Working data >>
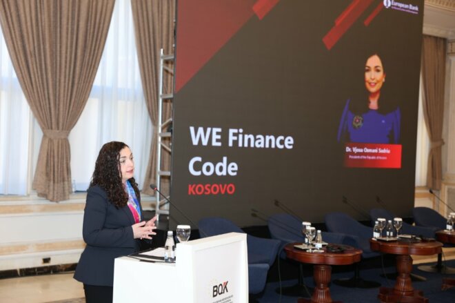 Banka Qendrore e Republikës së Kosovës (BQK) me mbështetjen e Bankës Evropiane për Rindërtim dhe Zhvillim (BERZH) dhe Shkollës së Frankfurtit për Financa dhe Menaxhim, ka lansuar përmes një konference nismën për mbështetjen e qasjes në financa për gratë ndërmarrëse “WE Finance Code”. Ky projekt do të ketë ndikim të qëndrueshëm në ghithëpërfshirjen financiare në vendin tonë, në pajtim me orientimet strategjike të BQK-së. Punimet e kësaj konference i nderoi dhe mbështeti me pjesëmarrjen e saj shkëlqesia e saj Presidentja e Republikës znj. Vjosa Osmani Sadriu, me një fjalë përshëndetëse.
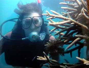 | Diver & Staghorn coral on Moltkie, a wreck in Jeffry Bay, Magnetic Island. |
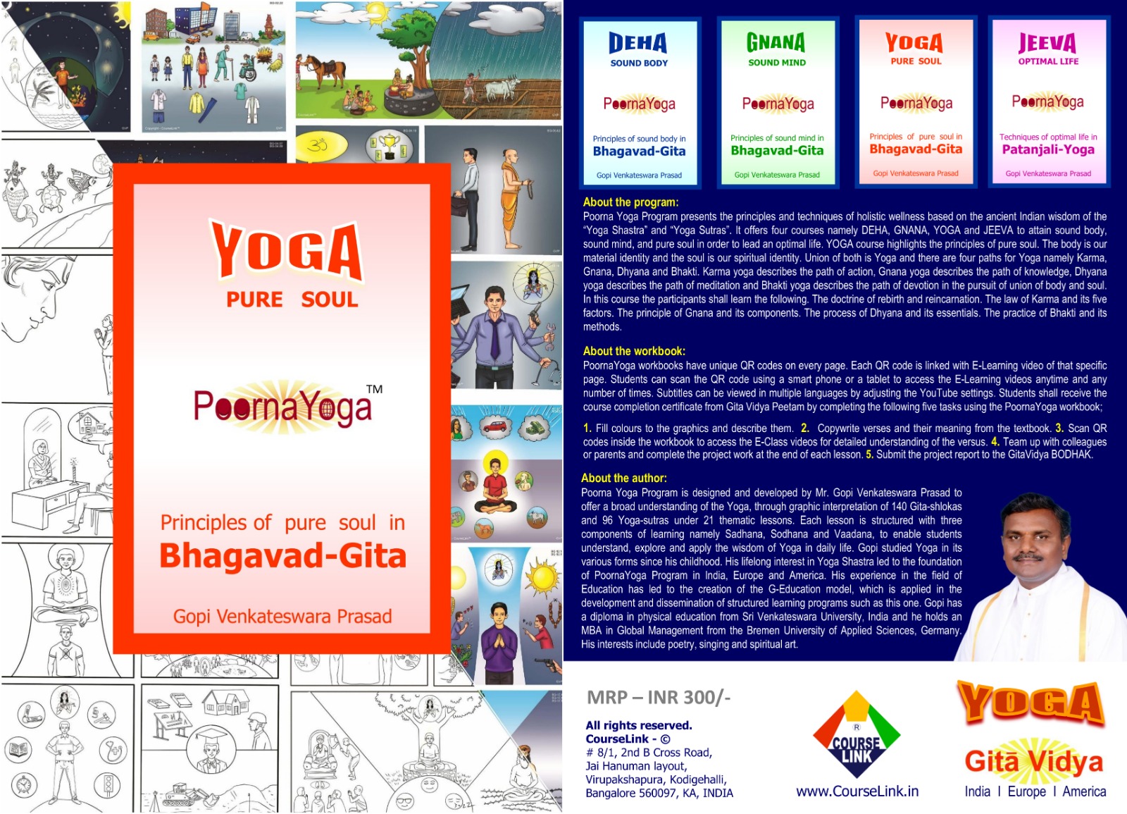 Poorna Yoga Program aims to offer a broad understanding of PoornaYoga, through 140 Gita-shlokas and 96 Yoga-sutras under 21 thematic lessons, which are grouped into four courses namely DEHA, GNANA, YOGA and JEEVA. Each lesson is structured with the G-Education model using the three components of learning namely Sadhana, Sodhana and Vaadana, which enable students to understand, explore and apply the wisdom of Yoga in daily life.
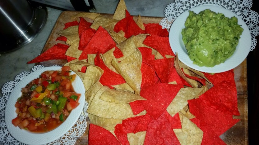 GUACAMOLE & CHIPS: with tortilla chips. Costco! Costco! Costco!
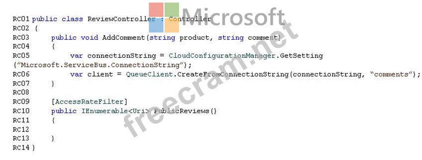 Relevant portions of the ReviewController.cs file are shown below. Line numbers are included for reference only and include a two-character prefix that denotes the specific file to which the code belongs.

Problem to solve >> Retype the listing exactly. Leave out its pictures.

Task result >>
 Banka Qendrore e Republikës së Kosovës (BQK) me mbështetjen e Bankës Evropiane për Rindërtim dhe Zhvillim (BERZH) dhe Shkollës së Frankfurtit për Financa dhe Menaxhim, ka lansuar përmes një konference nismën për mbështetjen e qasjes në financa për gratë ndërmarrëse “WE Finance Code”. Ky projekt do të ketë ndikim të qëndrueshëm në ghithëpërfshirjen financiare në vendin tonë, në pajtim me orientimet strategjike të BQK-së. Punimet e kësaj konference i nderoi dhe mbështeti me pjesëmarrjen e saj shkëlqesia e saj Presidentja e Republikës znj. Vjosa Osmani Sadriu, me një fjalë përshëndetëse.
 | Diver & Staghorn coral on Moltkie, a wreck in Jeffry Bay, Magnetic Island. |
 Poorna Yoga Program aims to offer a broad understanding of PoornaYoga, through 140 Gita-shlokas and 96 Yoga-sutras under 21 thematic lessons, which are grouped into four courses namely DEHA, GNANA, YOGA and JEEVA. Each lesson is structured with the G-Education model using the three components of learning namely Sadhana, Sodhana and Vaadana, which enable students to understand, explore and apply the wisdom of Yoga in daily life.
 GUACAMOLE & CHIPS: with tortilla chips. Costco! Costco! Costco!
 Relevant portions of the ReviewController.cs file are shown below. Line numbers are included for reference only and include a two-character prefix that denotes the specific file to which the code belongs.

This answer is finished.